Copy word for word the lines of the records below, beginning at the one with "-Az épület helyiségei: Előtér" and finishing at the one with "NOŻYCE OGRODOWE RĘCZNE DO", ends included, but none of the pictures.

== Records for this task ==
"""
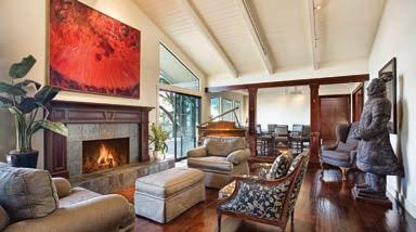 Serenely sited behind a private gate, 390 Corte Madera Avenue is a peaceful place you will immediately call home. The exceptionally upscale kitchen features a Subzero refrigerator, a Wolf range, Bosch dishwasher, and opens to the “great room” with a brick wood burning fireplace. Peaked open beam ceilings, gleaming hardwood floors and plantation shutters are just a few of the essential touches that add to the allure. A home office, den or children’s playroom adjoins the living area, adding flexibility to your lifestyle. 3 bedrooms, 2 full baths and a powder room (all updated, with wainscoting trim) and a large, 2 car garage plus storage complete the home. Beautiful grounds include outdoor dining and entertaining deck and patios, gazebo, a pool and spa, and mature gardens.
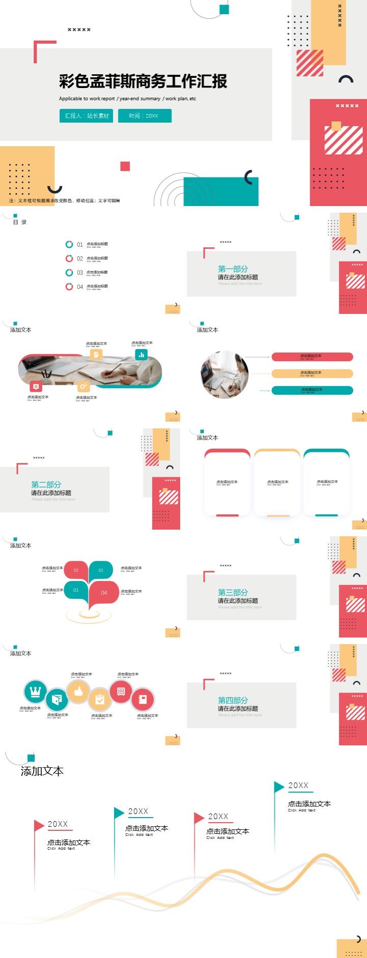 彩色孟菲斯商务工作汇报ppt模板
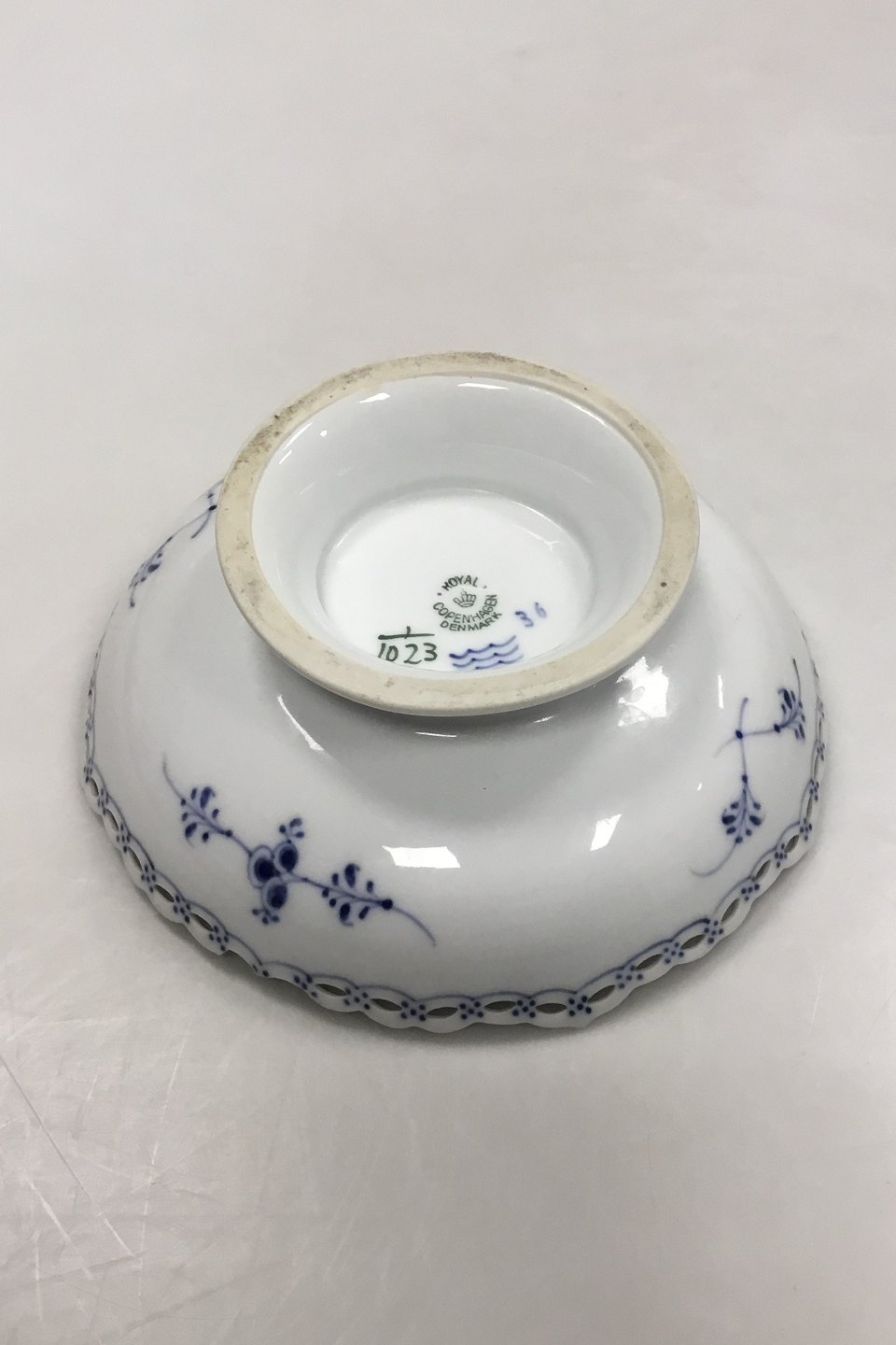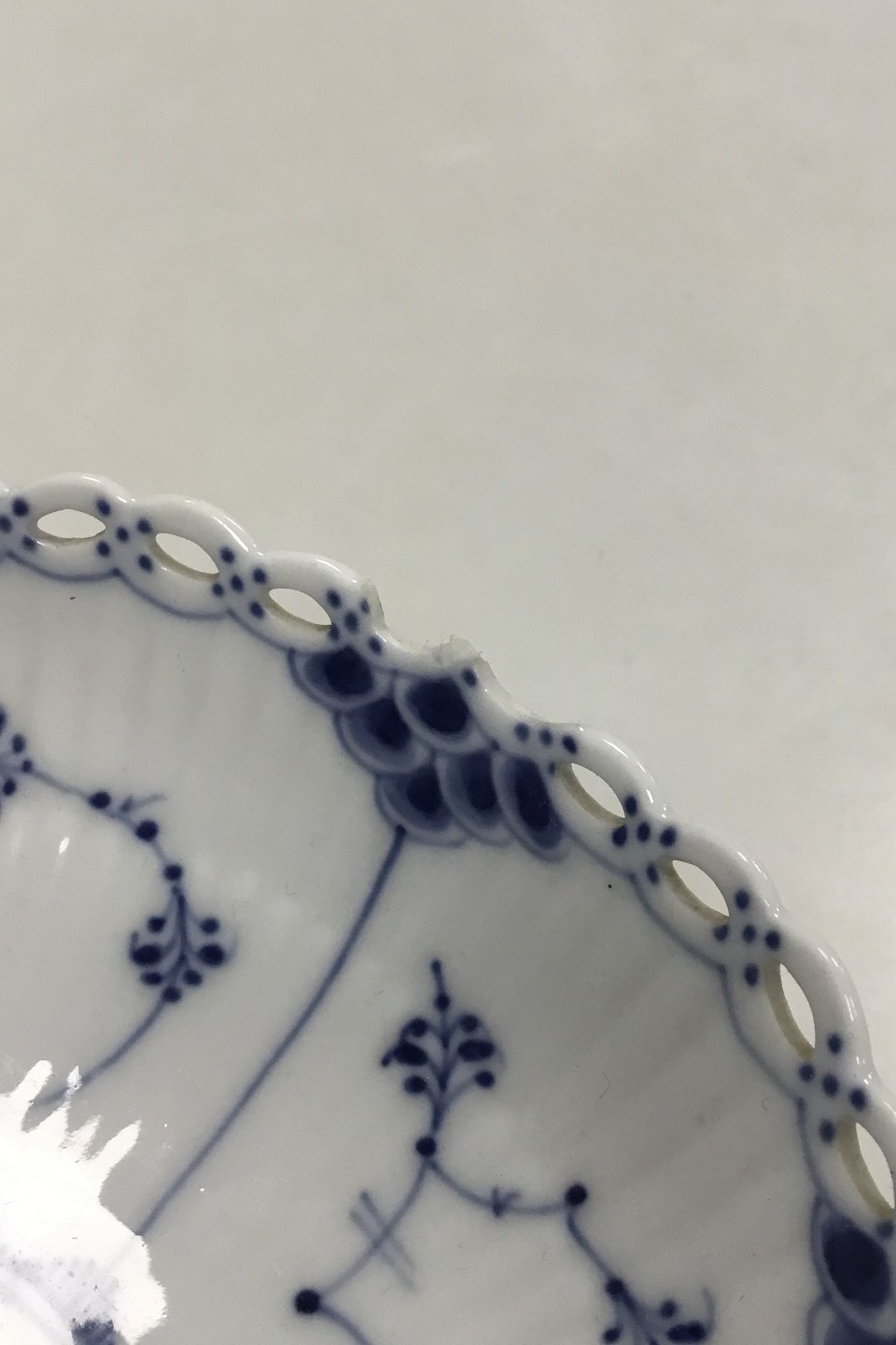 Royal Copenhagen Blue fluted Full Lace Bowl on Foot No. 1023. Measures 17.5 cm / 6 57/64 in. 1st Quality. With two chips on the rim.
"""
"""
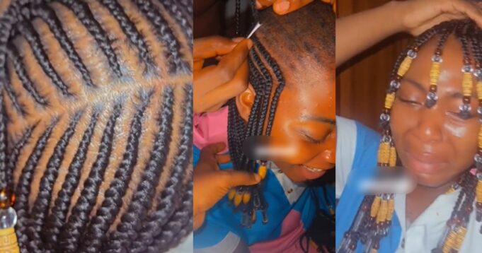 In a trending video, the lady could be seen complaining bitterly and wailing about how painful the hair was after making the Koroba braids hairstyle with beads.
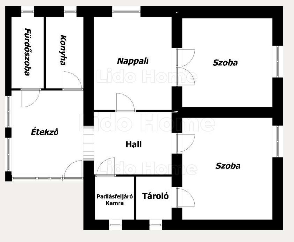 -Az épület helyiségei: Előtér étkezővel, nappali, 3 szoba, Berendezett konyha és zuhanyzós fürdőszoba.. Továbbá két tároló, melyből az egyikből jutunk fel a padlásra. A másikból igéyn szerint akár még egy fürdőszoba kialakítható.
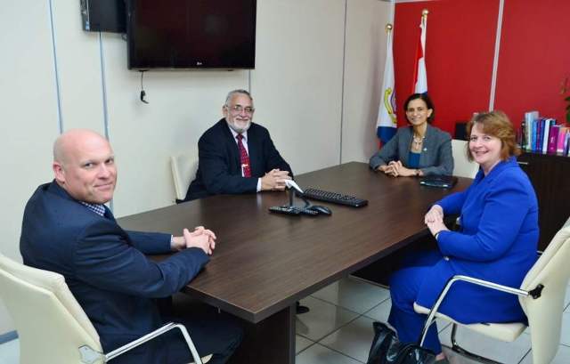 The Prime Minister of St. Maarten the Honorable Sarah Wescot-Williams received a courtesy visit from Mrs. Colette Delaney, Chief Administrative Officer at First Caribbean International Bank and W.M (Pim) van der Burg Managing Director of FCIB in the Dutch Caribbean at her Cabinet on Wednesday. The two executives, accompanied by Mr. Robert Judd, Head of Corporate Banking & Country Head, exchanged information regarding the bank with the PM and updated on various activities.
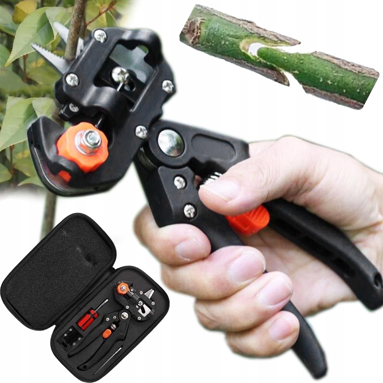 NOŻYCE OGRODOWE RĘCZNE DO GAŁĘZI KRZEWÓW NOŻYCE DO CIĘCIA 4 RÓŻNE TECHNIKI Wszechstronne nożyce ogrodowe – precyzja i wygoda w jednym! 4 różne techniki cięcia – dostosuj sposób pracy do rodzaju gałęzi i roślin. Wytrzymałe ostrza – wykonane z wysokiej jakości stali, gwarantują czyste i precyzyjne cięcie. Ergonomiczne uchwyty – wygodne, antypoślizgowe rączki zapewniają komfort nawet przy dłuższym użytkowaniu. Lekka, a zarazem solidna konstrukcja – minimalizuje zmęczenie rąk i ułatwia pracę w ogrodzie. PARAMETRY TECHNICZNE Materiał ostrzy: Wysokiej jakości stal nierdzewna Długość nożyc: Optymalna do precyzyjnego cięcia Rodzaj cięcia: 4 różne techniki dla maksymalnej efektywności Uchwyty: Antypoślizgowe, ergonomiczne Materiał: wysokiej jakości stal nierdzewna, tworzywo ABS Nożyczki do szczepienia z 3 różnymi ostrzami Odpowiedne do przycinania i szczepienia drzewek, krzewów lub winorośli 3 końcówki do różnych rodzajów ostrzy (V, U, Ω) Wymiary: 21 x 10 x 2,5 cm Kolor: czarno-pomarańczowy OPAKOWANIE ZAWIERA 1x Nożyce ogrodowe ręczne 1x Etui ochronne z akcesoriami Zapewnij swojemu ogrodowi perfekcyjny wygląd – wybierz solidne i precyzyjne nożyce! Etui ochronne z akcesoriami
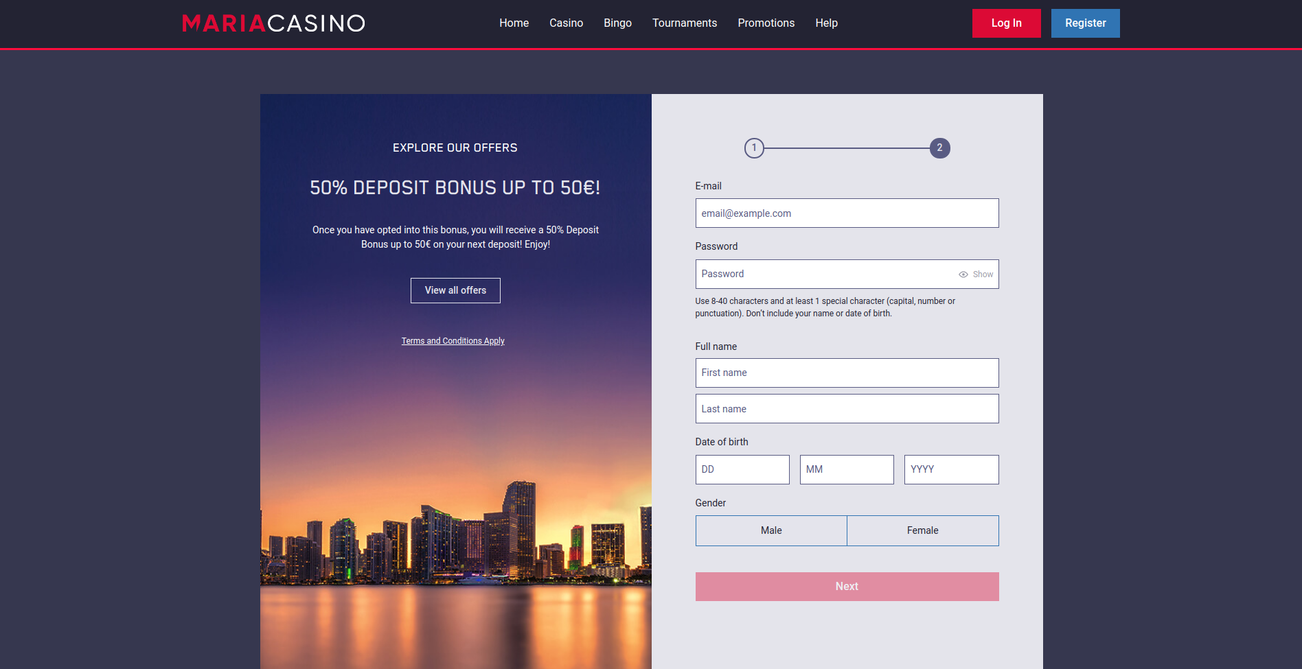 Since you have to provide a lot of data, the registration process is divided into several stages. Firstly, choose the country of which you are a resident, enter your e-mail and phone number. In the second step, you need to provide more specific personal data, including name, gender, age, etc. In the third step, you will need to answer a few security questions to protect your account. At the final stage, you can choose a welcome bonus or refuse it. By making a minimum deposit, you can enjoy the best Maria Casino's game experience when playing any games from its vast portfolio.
"""
"""
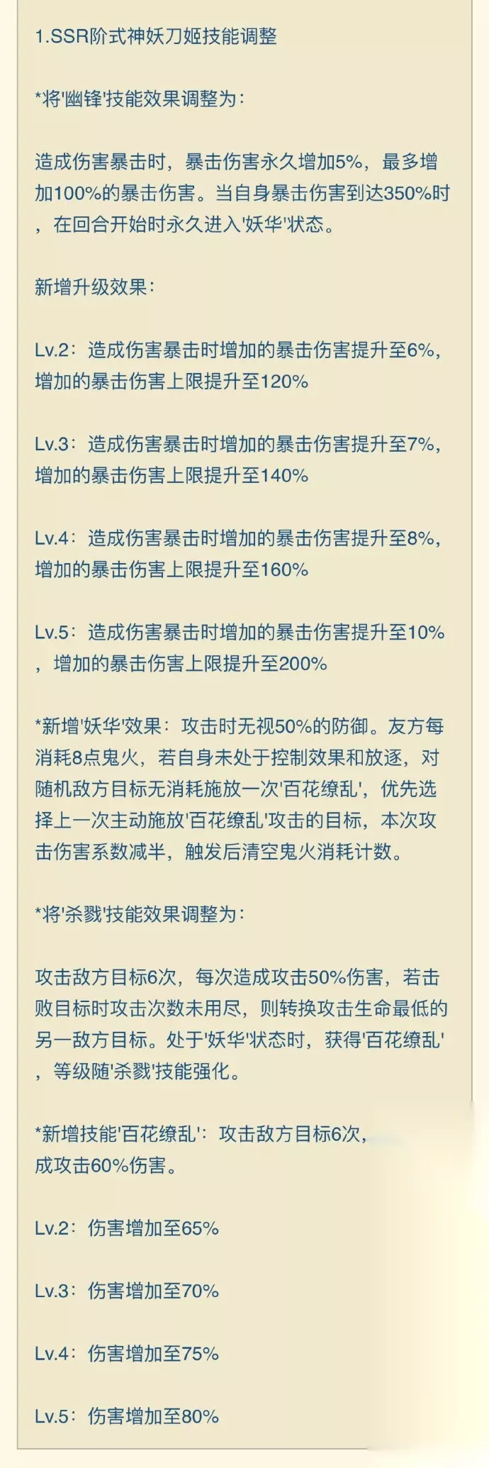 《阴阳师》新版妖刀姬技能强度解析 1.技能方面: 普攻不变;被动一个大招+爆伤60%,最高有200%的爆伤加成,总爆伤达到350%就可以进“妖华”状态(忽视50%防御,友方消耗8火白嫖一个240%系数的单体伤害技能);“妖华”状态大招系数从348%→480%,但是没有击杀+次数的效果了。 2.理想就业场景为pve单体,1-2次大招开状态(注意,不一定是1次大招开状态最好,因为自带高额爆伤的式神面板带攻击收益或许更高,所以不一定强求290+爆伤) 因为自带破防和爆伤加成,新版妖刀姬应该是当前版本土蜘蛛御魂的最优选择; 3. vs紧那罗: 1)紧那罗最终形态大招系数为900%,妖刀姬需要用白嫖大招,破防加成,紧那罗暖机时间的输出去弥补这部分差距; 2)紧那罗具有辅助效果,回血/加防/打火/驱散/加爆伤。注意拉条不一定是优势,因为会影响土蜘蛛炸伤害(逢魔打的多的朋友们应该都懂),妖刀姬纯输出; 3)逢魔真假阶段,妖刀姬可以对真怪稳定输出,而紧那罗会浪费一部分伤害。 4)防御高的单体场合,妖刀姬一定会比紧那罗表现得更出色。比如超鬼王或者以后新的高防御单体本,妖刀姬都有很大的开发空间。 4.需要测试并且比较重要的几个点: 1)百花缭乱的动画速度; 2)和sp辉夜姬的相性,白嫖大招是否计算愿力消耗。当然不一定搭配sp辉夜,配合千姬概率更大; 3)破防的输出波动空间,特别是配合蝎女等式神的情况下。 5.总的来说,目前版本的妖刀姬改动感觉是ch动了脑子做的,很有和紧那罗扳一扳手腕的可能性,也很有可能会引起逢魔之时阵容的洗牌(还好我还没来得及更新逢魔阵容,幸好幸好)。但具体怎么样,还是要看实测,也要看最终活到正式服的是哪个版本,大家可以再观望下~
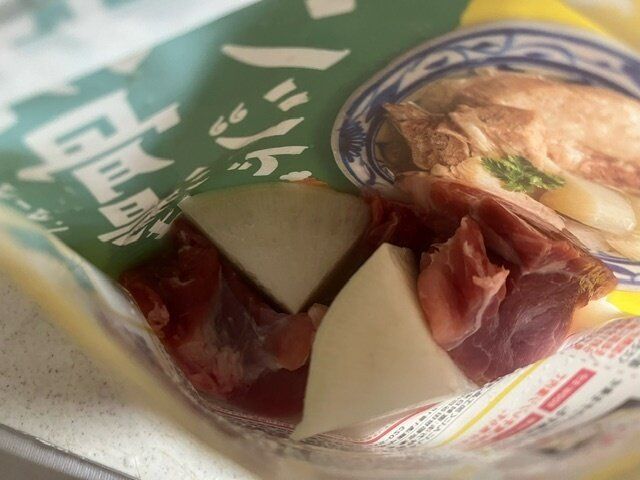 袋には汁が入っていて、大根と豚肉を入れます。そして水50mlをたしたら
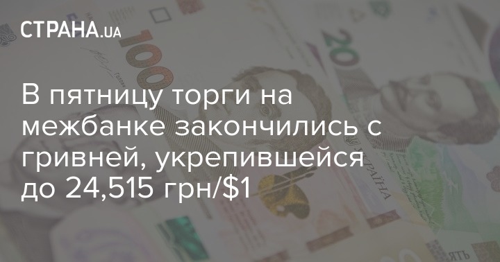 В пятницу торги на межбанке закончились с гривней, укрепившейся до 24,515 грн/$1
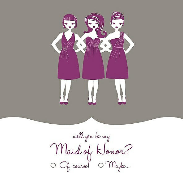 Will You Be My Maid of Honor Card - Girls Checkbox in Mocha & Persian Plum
"""
== Solved exercise ==
 -Az épület helyiségei: Előtér étkezővel, nappali, 3 szoba, Berendezett konyha és zuhanyzós fürdőszoba.. Továbbá két tároló, melyből az egyikből jutunk fel a padlásra. A másikból igéyn szerint akár még egy fürdőszoba kialakítható.
 The Prime Minister of St. Maarten the Honorable Sarah Wescot-Williams received a courtesy visit from Mrs. Colette Delaney, Chief Administrative Officer at First Caribbean International Bank and W.M (Pim) van der Burg Managing Director of FCIB in the Dutch Caribbean at her Cabinet on Wednesday. The two executives, accompanied by Mr. Robert Judd, Head of Corporate Banking & Country Head, exchanged information regarding the bank with the PM and updated on various activities.
 NOŻYCE OGRODOWE RĘCZNE DO GAŁĘZI KRZEWÓW NOŻYCE DO CIĘCIA 4 RÓŻNE TECHNIKI Wszechstronne nożyce ogrodowe – precyzja i wygoda w jednym! 4 różne techniki cięcia – dostosuj sposób pracy do rodzaju gałęzi i roślin. Wytrzymałe ostrza – wykonane z wysokiej jakości stali, gwarantują czyste i precyzyjne cięcie. Ergonomiczne uchwyty – wygodne, antypoślizgowe rączki zapewniają komfort nawet przy dłuższym użytkowaniu. Lekka, a zarazem solidna konstrukcja – minimalizuje zmęczenie rąk i ułatwia pracę w ogrodzie. PARAMETRY TECHNICZNE Materiał ostrzy: Wysokiej jakości stal nierdzewna Długość nożyc: Optymalna do precyzyjnego cięcia Rodzaj cięcia: 4 różne techniki dla maksymalnej efektywności Uchwyty: Antypoślizgowe, ergonomiczne Materiał: wysokiej jakości stal nierdzewna, tworzywo ABS Nożyczki do szczepienia z 3 różnymi ostrzami Odpowiedne do przycinania i szczepienia drzewek, krzewów lub winorośli 3 końcówki do różnych rodzajów ostrzy (V, U, Ω) Wymiary: 21 x 10 x 2,5 cm Kolor: czarno-pomarańczowy OPAKOWANIE ZAWIERA 1x Nożyce ogrodowe ręczne 1x Etui ochronne z akcesoriami Zapewnij swojemu ogrodowi perfekcyjny wygląd – wybierz solidne i precyzyjne nożyce! Etui ochronne z akcesoriami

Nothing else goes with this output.